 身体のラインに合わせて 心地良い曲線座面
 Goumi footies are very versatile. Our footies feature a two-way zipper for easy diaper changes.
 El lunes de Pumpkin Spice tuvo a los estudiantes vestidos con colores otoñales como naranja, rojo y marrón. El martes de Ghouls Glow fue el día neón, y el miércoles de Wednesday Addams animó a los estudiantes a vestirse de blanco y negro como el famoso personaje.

★ ★ ★ ★

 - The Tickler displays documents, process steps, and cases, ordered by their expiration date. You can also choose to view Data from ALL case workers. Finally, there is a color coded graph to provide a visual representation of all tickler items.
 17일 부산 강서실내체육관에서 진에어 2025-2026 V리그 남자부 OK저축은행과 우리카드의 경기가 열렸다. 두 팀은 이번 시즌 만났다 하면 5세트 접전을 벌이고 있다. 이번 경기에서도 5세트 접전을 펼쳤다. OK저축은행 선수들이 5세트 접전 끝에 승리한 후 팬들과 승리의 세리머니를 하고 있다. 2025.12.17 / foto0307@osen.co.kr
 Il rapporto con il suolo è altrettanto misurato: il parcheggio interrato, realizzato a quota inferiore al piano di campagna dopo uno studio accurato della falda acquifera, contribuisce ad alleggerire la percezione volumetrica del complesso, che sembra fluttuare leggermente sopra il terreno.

★ ★ ★ ★

> _AIM OF THE TASK_: What you return should be exactly the lines above, starting at the one with "Goumi footies are" and ending at the one with "El lunes de", and nothing else.

> _RESULT BELOW_:
 Goumi footies are very versatile. Our footies feature a two-way zipper for easy diaper changes.
 El lunes de Pumpkin Spice tuvo a los estudiantes vestidos con colores otoñales como naranja, rojo y marrón. El martes de Ghouls Glow fue el día neón, y el miércoles de Wednesday Addams animó a los estudiantes a vestirse de blanco y negro como el famoso personaje.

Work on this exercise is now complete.